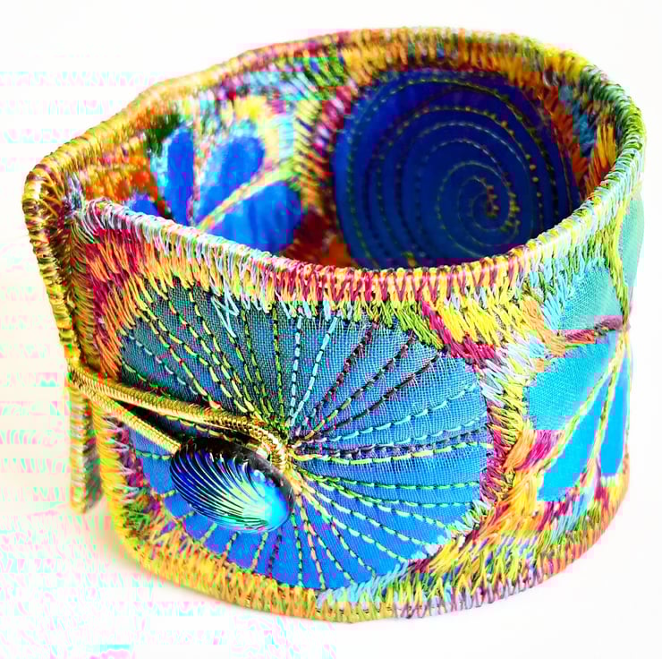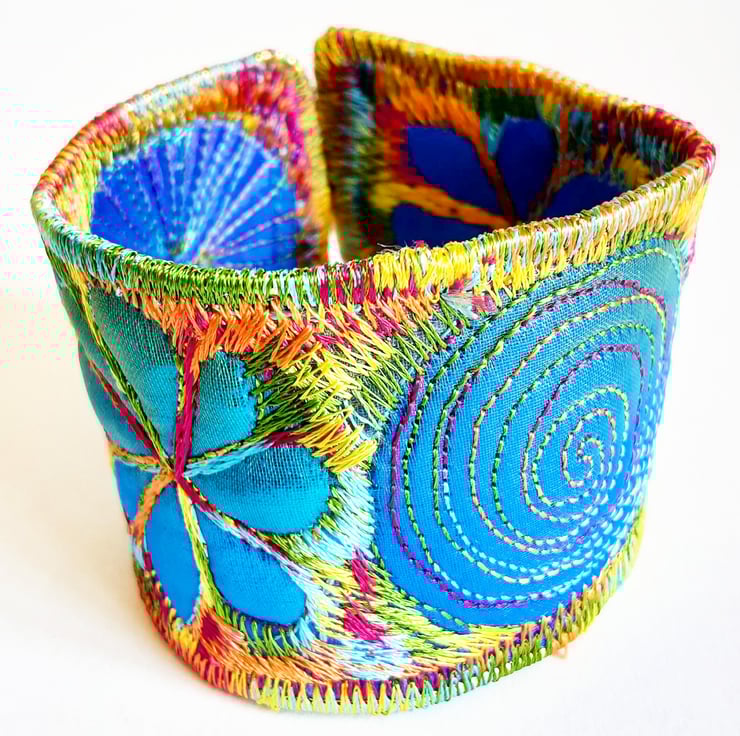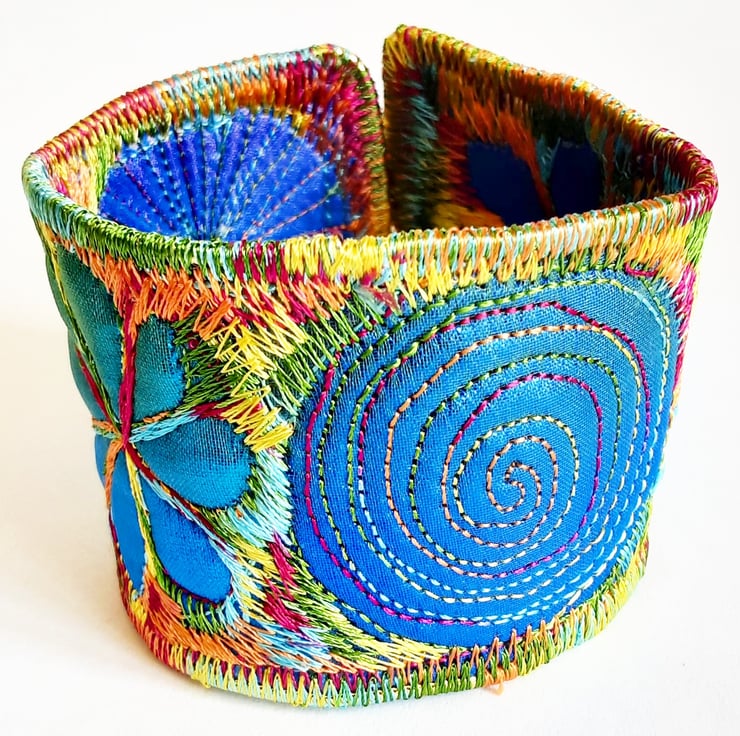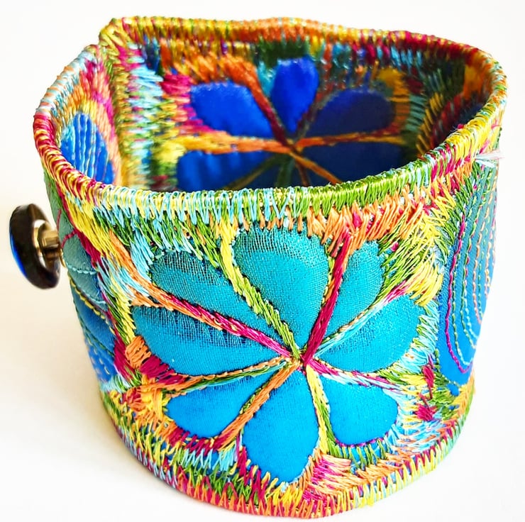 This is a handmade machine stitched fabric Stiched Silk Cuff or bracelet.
==
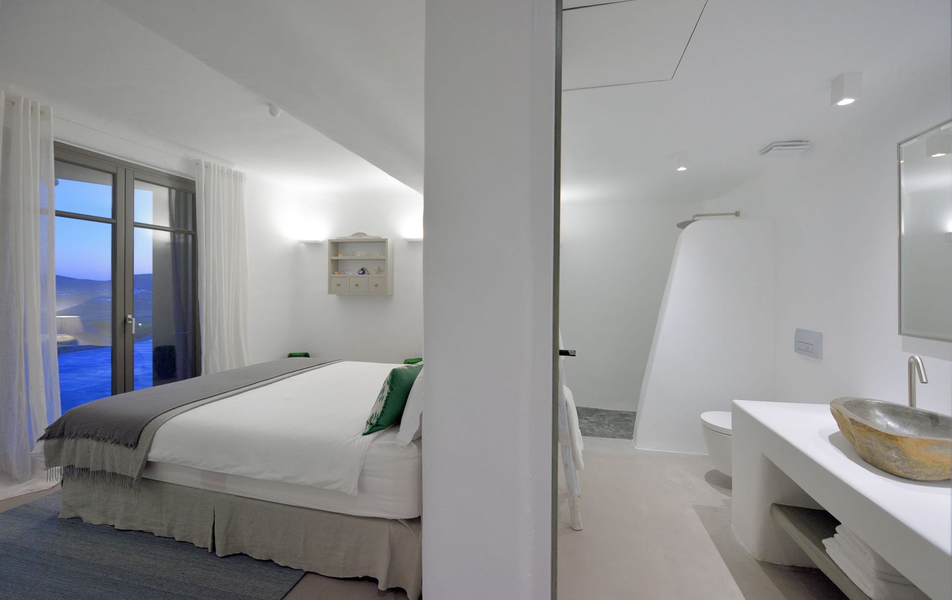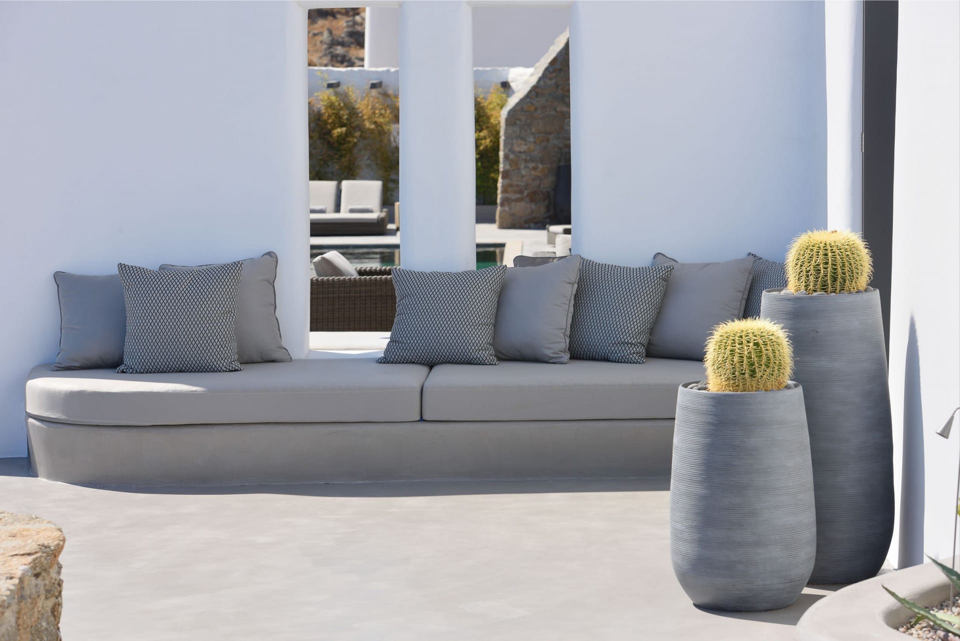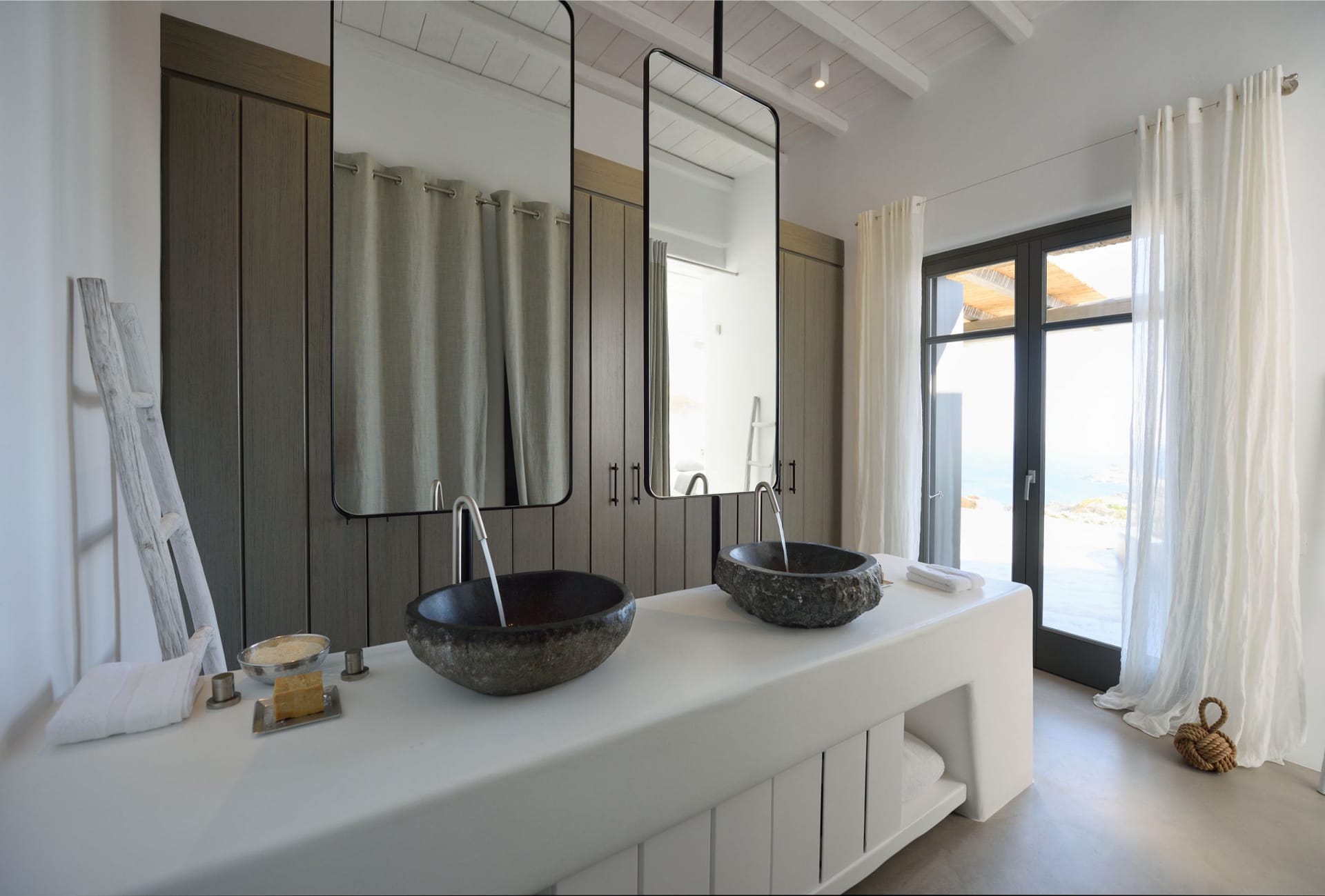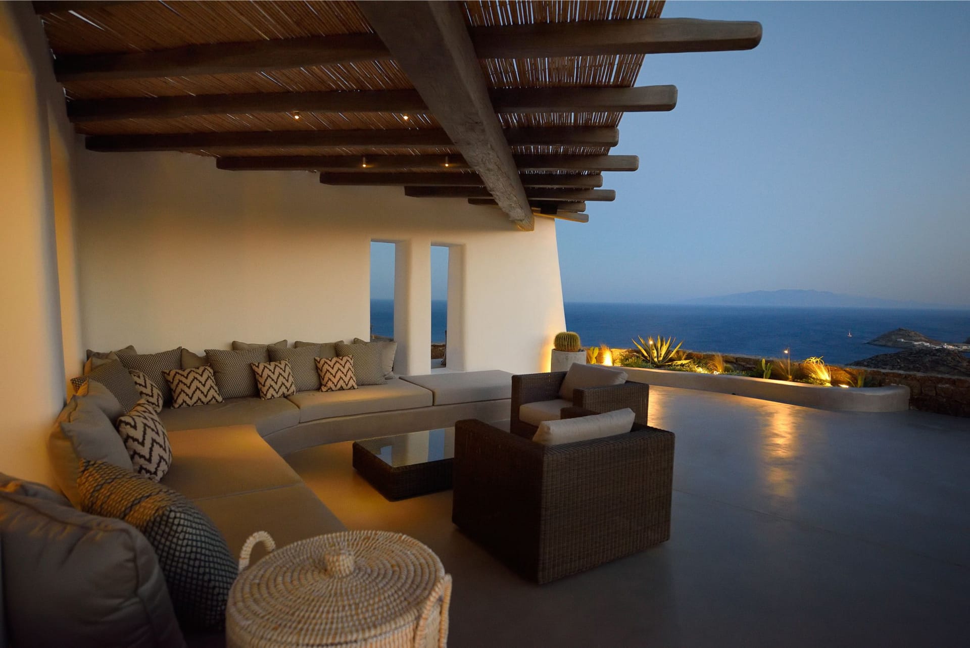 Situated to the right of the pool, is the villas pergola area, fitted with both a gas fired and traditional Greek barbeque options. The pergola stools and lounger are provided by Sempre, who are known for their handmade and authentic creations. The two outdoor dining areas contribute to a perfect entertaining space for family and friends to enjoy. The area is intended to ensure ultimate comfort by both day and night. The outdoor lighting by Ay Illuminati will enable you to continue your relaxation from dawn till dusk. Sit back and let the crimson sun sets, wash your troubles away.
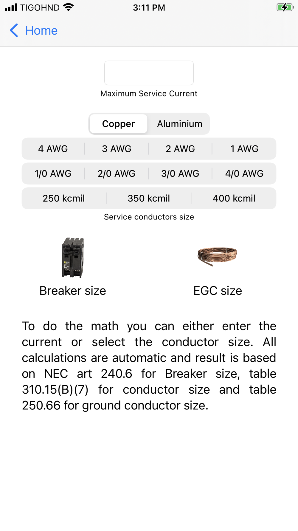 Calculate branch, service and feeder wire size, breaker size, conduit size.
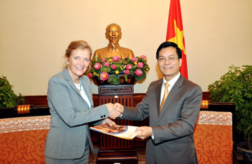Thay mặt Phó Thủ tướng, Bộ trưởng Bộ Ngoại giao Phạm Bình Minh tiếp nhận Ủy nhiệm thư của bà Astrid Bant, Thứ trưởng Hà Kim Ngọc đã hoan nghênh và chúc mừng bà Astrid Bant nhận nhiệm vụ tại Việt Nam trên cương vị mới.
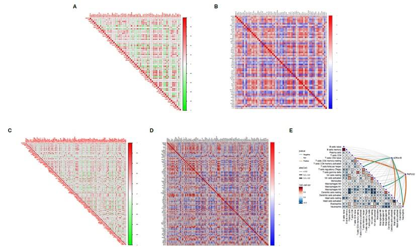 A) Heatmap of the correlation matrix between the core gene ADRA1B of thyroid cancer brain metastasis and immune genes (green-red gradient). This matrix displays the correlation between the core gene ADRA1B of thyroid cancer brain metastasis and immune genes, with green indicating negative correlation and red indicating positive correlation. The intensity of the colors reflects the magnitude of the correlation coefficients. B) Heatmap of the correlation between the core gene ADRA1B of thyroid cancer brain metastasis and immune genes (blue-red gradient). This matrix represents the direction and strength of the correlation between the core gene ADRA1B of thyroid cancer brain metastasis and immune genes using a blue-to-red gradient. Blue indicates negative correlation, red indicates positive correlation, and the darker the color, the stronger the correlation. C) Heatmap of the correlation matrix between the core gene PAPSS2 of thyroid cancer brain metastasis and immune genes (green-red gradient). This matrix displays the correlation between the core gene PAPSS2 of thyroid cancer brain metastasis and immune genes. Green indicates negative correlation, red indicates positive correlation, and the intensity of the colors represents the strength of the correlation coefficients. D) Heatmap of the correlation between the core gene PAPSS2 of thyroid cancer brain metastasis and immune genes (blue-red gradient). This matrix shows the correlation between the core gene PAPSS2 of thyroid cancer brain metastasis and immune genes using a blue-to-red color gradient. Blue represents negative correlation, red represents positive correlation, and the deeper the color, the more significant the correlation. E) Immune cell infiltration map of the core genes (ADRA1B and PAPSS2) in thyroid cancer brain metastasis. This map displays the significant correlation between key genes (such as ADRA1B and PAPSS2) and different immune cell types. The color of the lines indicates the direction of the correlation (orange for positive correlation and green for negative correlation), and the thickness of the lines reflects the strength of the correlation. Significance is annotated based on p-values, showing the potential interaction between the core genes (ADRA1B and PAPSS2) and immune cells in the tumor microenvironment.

* Goal of the exercise *
Print an exact copy of the lines above, from the one containing "Calculate branch, service" through the one containing "Thay mặt Phó", and leave out the pictures.

* Result for this exercise *
 Calculate branch, service and feeder wire size, breaker size, conduit size.
Thay mặt Phó Thủ tướng, Bộ trưởng Bộ Ngoại giao Phạm Bình Minh tiếp nhận Ủy nhiệm thư của bà Astrid Bant, Thứ trưởng Hà Kim Ngọc đã hoan nghênh và chúc mừng bà Astrid Bant nhận nhiệm vụ tại Việt Nam trên cương vị mới.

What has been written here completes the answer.